#### [SOURCE MATERIAL]
....
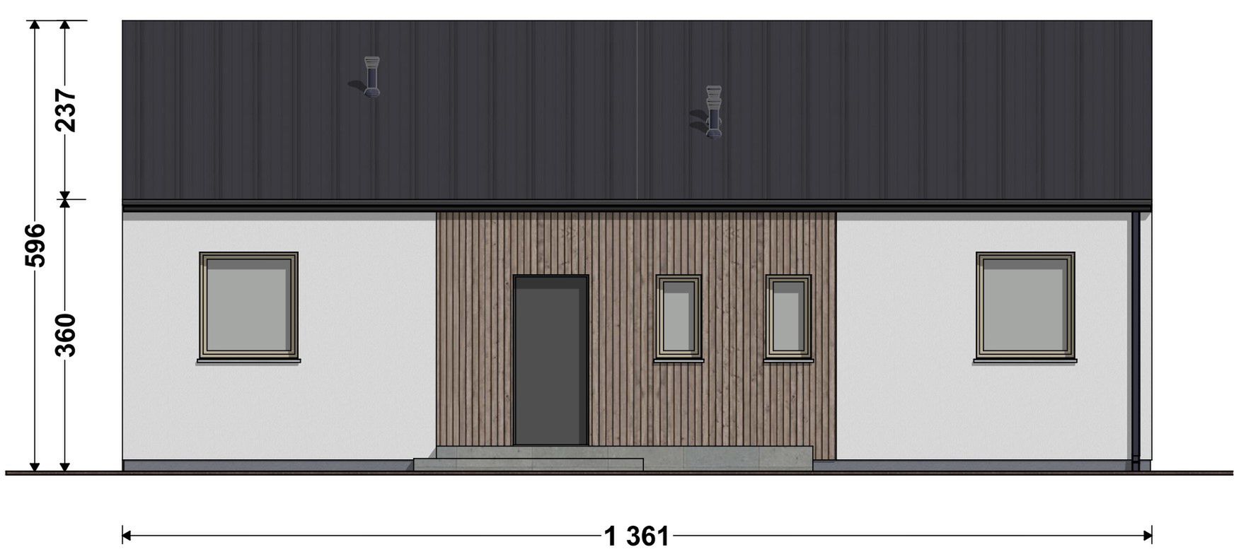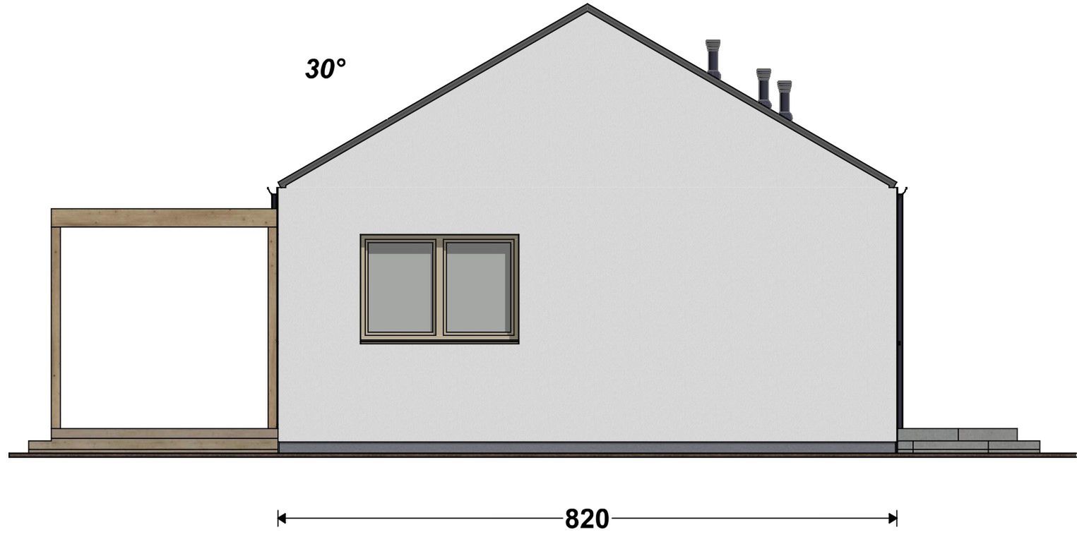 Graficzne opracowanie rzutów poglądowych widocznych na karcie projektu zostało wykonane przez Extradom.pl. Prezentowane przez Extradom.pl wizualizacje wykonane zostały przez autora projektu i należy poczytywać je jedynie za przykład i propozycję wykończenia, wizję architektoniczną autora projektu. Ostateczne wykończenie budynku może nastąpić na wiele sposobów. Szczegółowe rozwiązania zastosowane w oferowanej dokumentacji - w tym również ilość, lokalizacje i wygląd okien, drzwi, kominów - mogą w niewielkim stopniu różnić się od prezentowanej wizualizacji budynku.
....
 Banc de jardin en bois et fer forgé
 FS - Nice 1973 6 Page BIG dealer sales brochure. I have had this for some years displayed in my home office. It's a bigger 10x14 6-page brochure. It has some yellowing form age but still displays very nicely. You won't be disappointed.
....
#### [WHAT IS NEEDED]
Only the lines above from the line containing "Banc de jardin en bois et fer forgé" through the line containing "FS - Nice 1973" should be retyped, exactly and with both ends included.

#### [RESPONSE BOX]
 Banc de jardin en bois et fer forgé
 FS - Nice 1973 6 Page BIG dealer sales brochure. I have had this for some years displayed in my home office. It's a bigger 10x14 6-page brochure. It has some yellowing form age but still displays very nicely. You won't be disappointed.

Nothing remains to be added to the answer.